А она – ни гугу. Он чуть встряхнул ее, повторив имя, но девушка была как мертвая, что и подтвердила ее рука, упавшая вниз, словно плеть. Тут-то Сергей и всполошился, не понимая, что стряслось. Подхватив ее на руки, поискал, куда бы уложить, да не нашел. Вышел с ней за прилавок, вертелся, окончательно растерявшись и бормоча:

– Что же это?.. Настя… Вот так дикарка. И куда мне теперь ее?..

– А! – вскрикнула женщина, войдя в магазин.

– Спокойно, мадам, спокойно! – прорычал он, боясь, что та поднимет вой, потом разбирайся ему с полицией.

Но мадам – стройная блондинка средних лет и по одежде аристократка – оказалась не из робких. Она направила в Сергея дуло крошечного пистолета, заговорив с иностранным акцентом:

– Пан бандит?

– Да какай я бандит, госпожа хорошая! Зашел, спросил эту… – Сергей приподнял выше девушку. – А она… она упала! Уберите пистолет, не ровен час – выстрелит.

– У меня есть умение в стрельбе. Хотите вороват мою Анастаси?

– Воровать? А, не-ет! Бог с вами. Да поглядите же, что с ней!

– Вон стул, несите ее туда. Но смотрите, пан, коль дурно сделать захотите, башку вам снесу, клянусь Езусом Христосом.

Действительно, возле окна-витрины стоял круглый стол и три стула, Сергей усадил девушку и не отходил от нее, иначе бедняжка упала бы. Мадам Беата осматривала Настеньку с докторской педантичностью, поворачивая лицо девушки, приподнимая веки. Сергей не выдержал:

– Живая хоть?

– Пан сомневаться будет? – усмехнулась она. – Анастаси лишенная чувств, не страшно. Держите ей голову, я принесу соль.

Вот так попал!

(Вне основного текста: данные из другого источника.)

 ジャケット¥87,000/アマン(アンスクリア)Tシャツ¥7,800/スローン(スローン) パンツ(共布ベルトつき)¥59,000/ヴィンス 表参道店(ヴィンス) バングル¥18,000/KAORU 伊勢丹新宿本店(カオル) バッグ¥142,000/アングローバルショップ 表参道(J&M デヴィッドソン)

Сергей вытер пот со лба рукавом и едва не уронил девушку, поспешно прижал ее к себе, чувствуя, что сам сейчас будет «лишенным чувств». На его счастье, прибежала мадам, сунула Настеньке под нос флакон, та вздрогнула, беспомощно захлопала глазами, ничего не понимая.

– Пан, несите ее на кушетка, – указывая на дверь, велела мадам Беата. Сергей тотчас поднял девушку, которая слабо запротестовала:

– Нет-нет, я сама… могу…

– Что ты кричишь, будто тебя горят на костре инквизиции? – мурлыкала хозяйка, идя впереди. – Пан не ест тебя. Ложите сюда…

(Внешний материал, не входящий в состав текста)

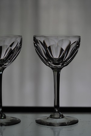 乾杯の音色は実に澄んだ高音、クリスタルのリキュールガラスカップ。

Она заботливо укрыла клетчатым пледом Настеньку и приказала ей спать, не принимая возражений, после указала Сергею на дверь, а он и рад был удрать. Но когда выходил из магазина весь в липком поту, его остановил голос мадам Беаты:

– А что пан хотел у нас?

– Да так… потом как-нибудь… – буркнул он смущенно и выбежал.

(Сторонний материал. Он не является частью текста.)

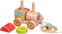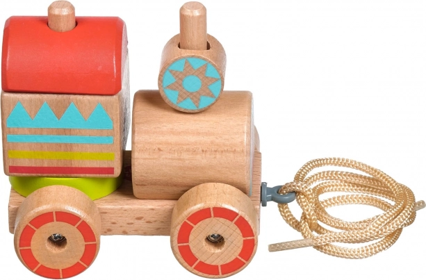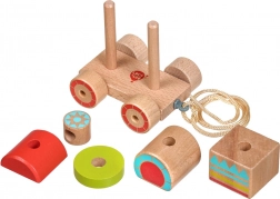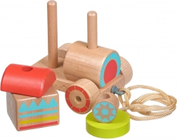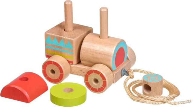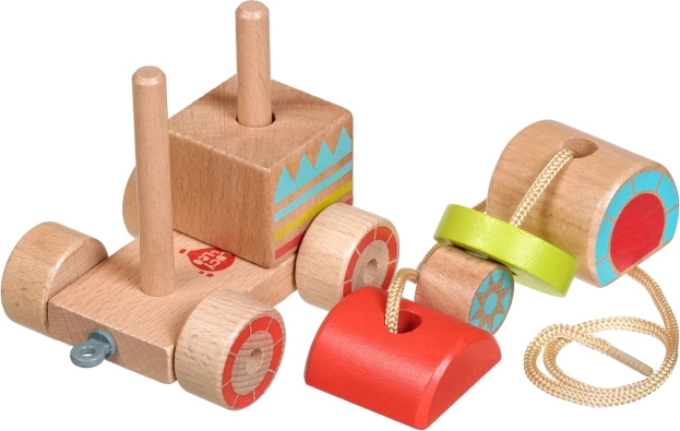 Trenulețul din lemn de tras combină aspectul clasic cu elemente educaționale moderne. Copiii așază piesele colorate la locul lor, își antrenează priza și descoperă formele și culorile de bază. După asamblare, pot trage trenulețul cu ajutorul șnurului și astfel își dezvoltă coordonarea mersului.

– Бедный, – глядя вслед ему, произнесла мадам Беата со вздохом. – Он так напуган, а это всего лишь обморок.

Зыбин стоял над трупом не шевелясь и будто принюхивался, затем умостил толстый зад на поваленное дерево, уступив место Чиркуну. Тот осматривал труп, сокрушаясь, что столь молодая и прелестная особа так рано ушла из жизни. Выводов он не делал, поэтому Марго то и дело ерзала от нетерпения на том же бревне, где сидел гений сыска, ее любопытство требовало немедленного удовлетворения: что же случилось с девушкой, почему она оказалась в этом месте, сама или с чьей-то помощью ушла в загробный мир?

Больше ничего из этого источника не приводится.